--- Input data ---
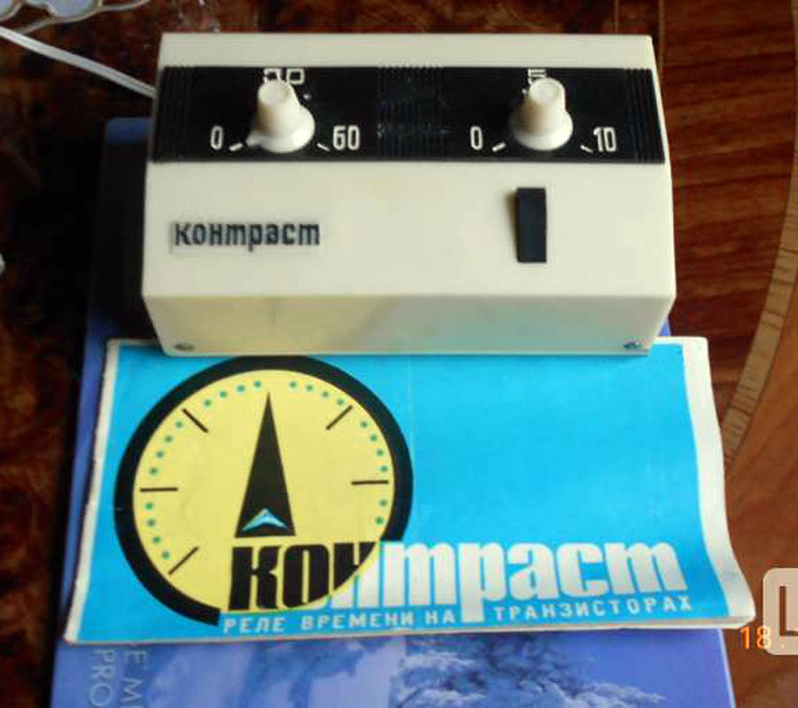 Реле времени на транзисторах *Контраст* предположительно с 1972 года выпускалось Тушинским машиностроительным заводом. Реле времени *Контраст* предназначено для полуавтоматического определения выдержек (времени горения ламп в сек.) при контактной или проекционной печати.
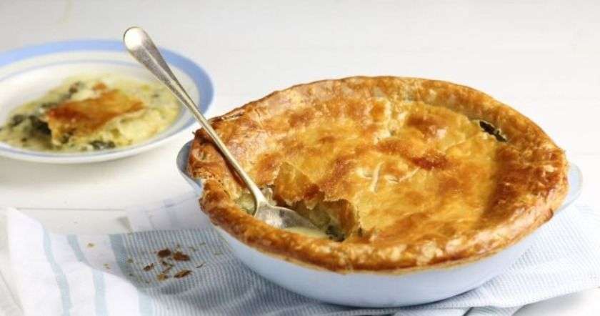 2. Խմորի կեսը լցնել տապակի մեջ, վրան լցնել պահածոյացված ձուկը և մանր կտրատված սոխը, այնուհետև ավելացնել մնացած խմորը:
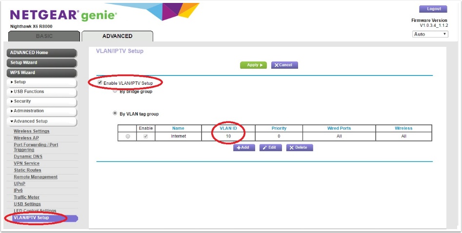 5. Click Advanced Setup > VLAN/IPTV Setup
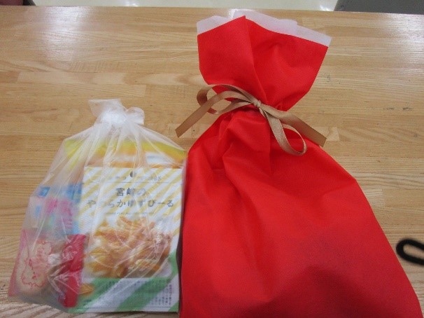 4袋のお土産に歓声が上がっていました
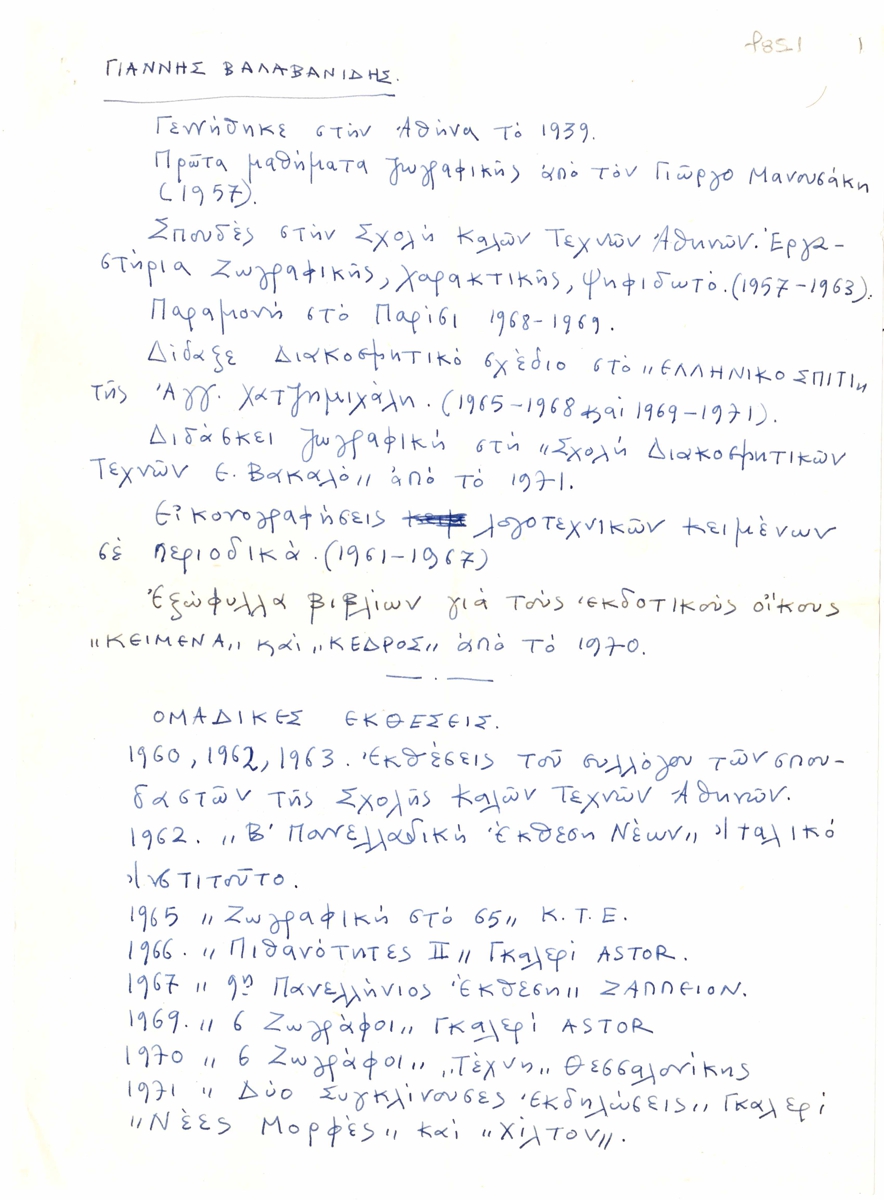 Βιογραφικό, χειρόγραφο με μπλε μελάνι, στα ελληνικά, 2 φφ, 28,5x 21 εκ., του Γιάννη Βαλαβανίδη. Περιλαμβάνει προσωπικά στοιχεία, λίστα ομαδικών και ατομικών εκθέσεών του.
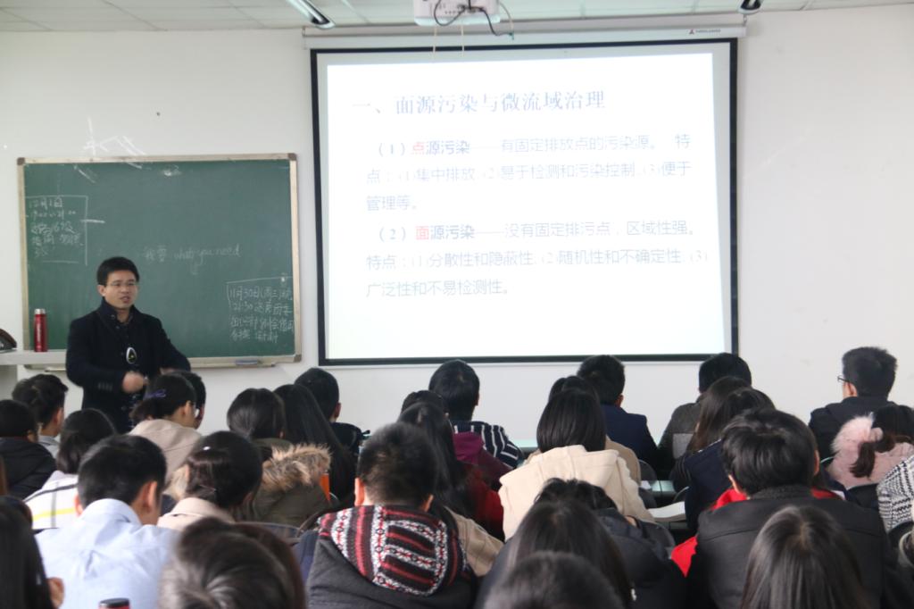 张远彬研究员以《农业面源污染及其控制对策》为题,从面源污染与小(微)流域治理、农村生活污水及其处理措施、变“废”为宝——生态循环农业三个方面做了讲解,他用举例与图片展示的方式强调了当代乡村环境污染状况的严重性,并介绍了处理环境污染的先进现代方法与成功示例,对合理利用自然与生态循环农业进行了重点介绍,通过实例与专业技能分析,指出农村生活污水无(微)动力处理技术、生态循环农业、混农林业等是治理农业面源污染的低成本、高效率、可持续的有效手段。讲座结束后,张远彬耐心解答了在座同学提出的疑问,还与我校15vip太阳集团官网专业教师探讨了关于农村水体污染、土壤污染等一系列环境问题治理手段,与学院进一步商讨了合作事宜。
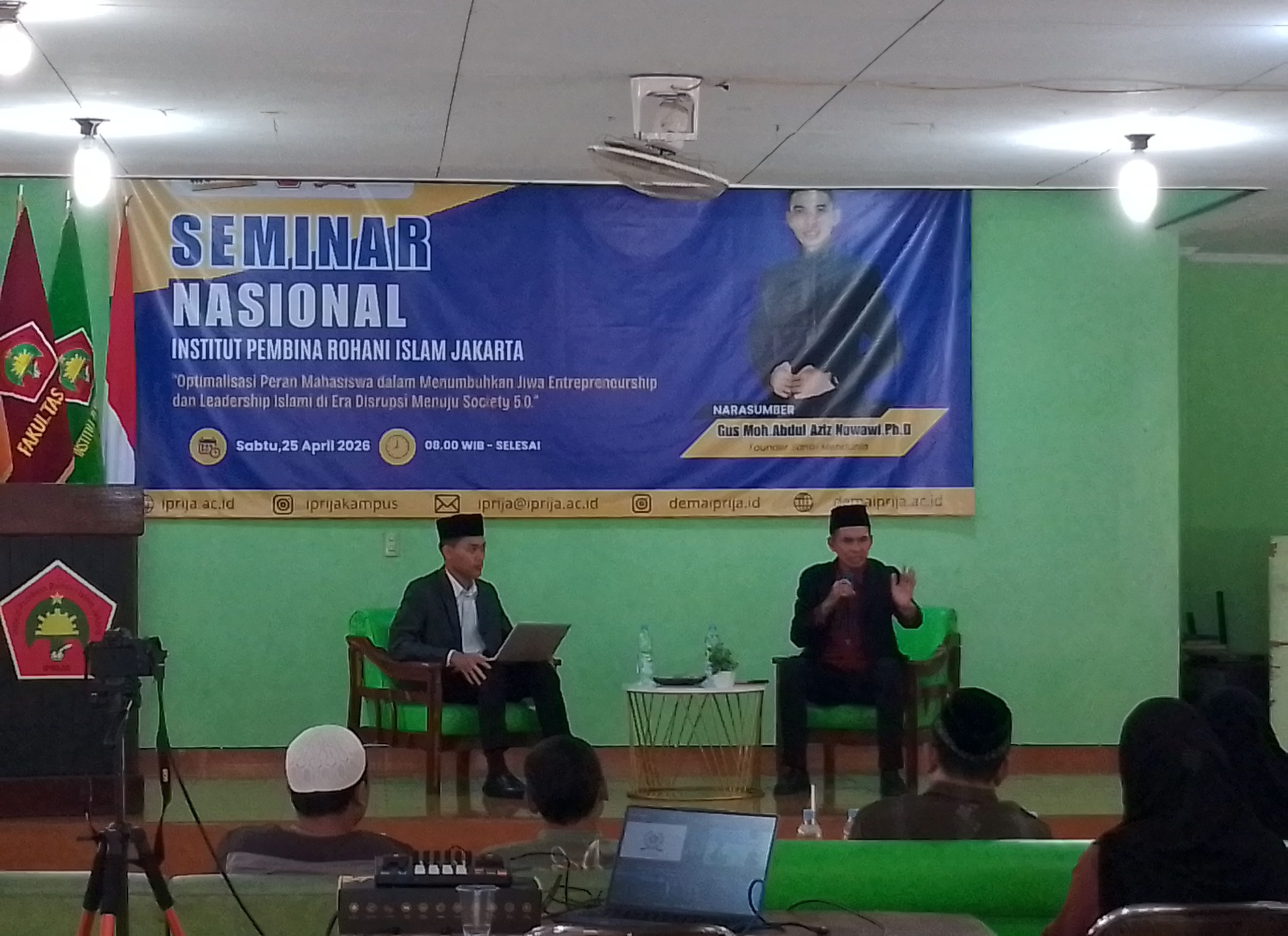- Jakarta,- Dewan Eksekutif Mahasiswa Institut Pembina Rohani Islam Jakarta IPRIJA sukses gelar seminar nasional bertajuk “Optimalisasi Peran Mahasiswa dalam Menumbuhkan Jiwa Entrepreneurship dan Leadership Islami di Era Disrupsi Menuju Society 5.0”. Acara diadakan di Aula Masjid Darul Ulum Institut Pembina Rohani Islam Jakarta, Sabtu 25/04/26.
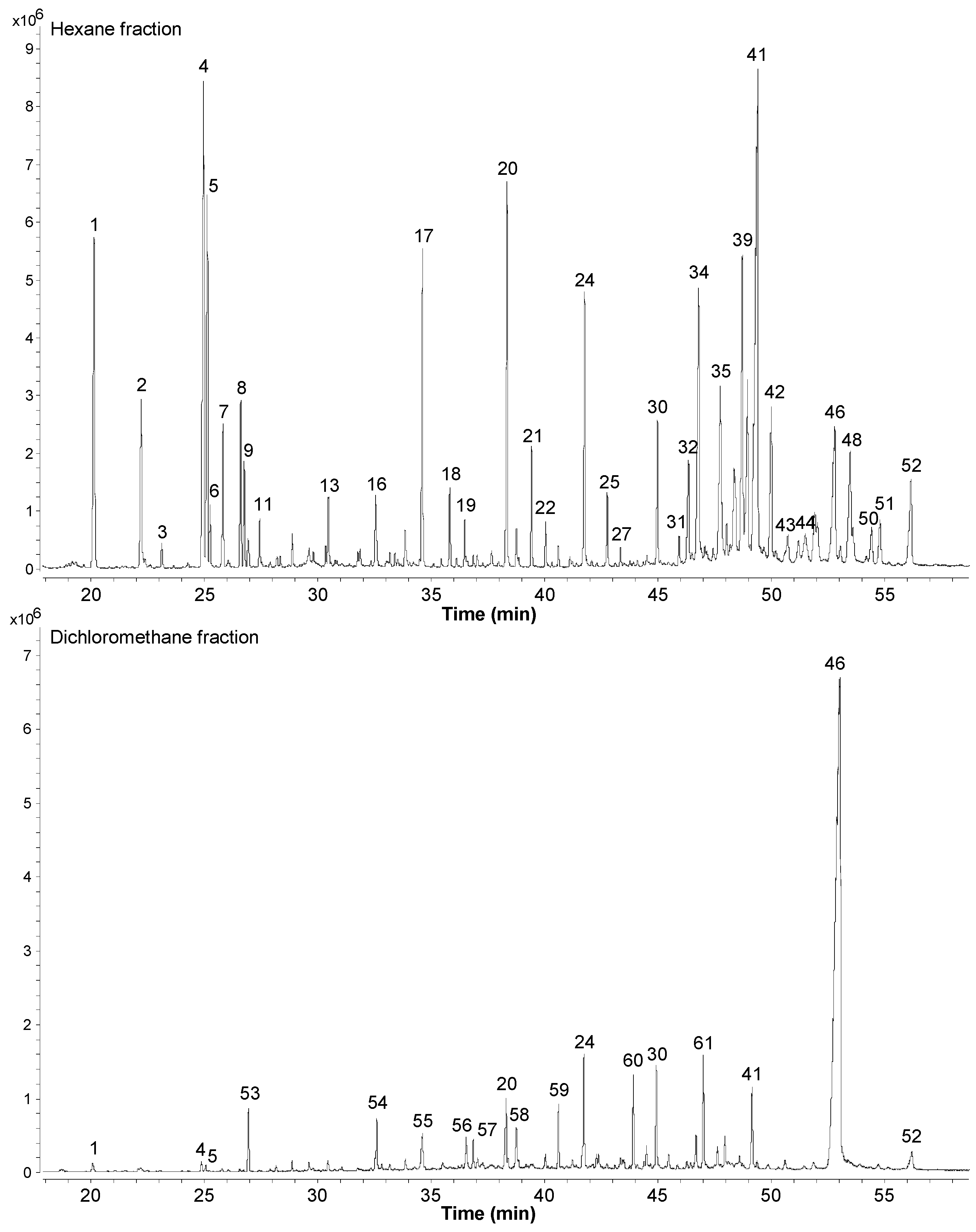 | Chemical Constituents | Molecular Formula | EIMS [M+•] | Rt (min) | HEX (%) | DCM (%) | ||
---
Work request:
Look above for the line with "5. Click Advanced Setup > VLAN/IPTV Setup" and the line with "Βιογραφικό, χειρόγραφο με". Give again exactly those two lines and all lines between them, pictures excluded.

Your solution:
 5. Click Advanced Setup > VLAN/IPTV Setup
 4袋のお土産に歓声が上がっていました
 Βιογραφικό, χειρόγραφο με μπλε μελάνι, στα ελληνικά, 2 φφ, 28,5x 21 εκ., του Γιάννη Βαλαβανίδη. Περιλαμβάνει προσωπικά στοιχεία, λίστα ομαδικών και ατομικών εκθέσεών του.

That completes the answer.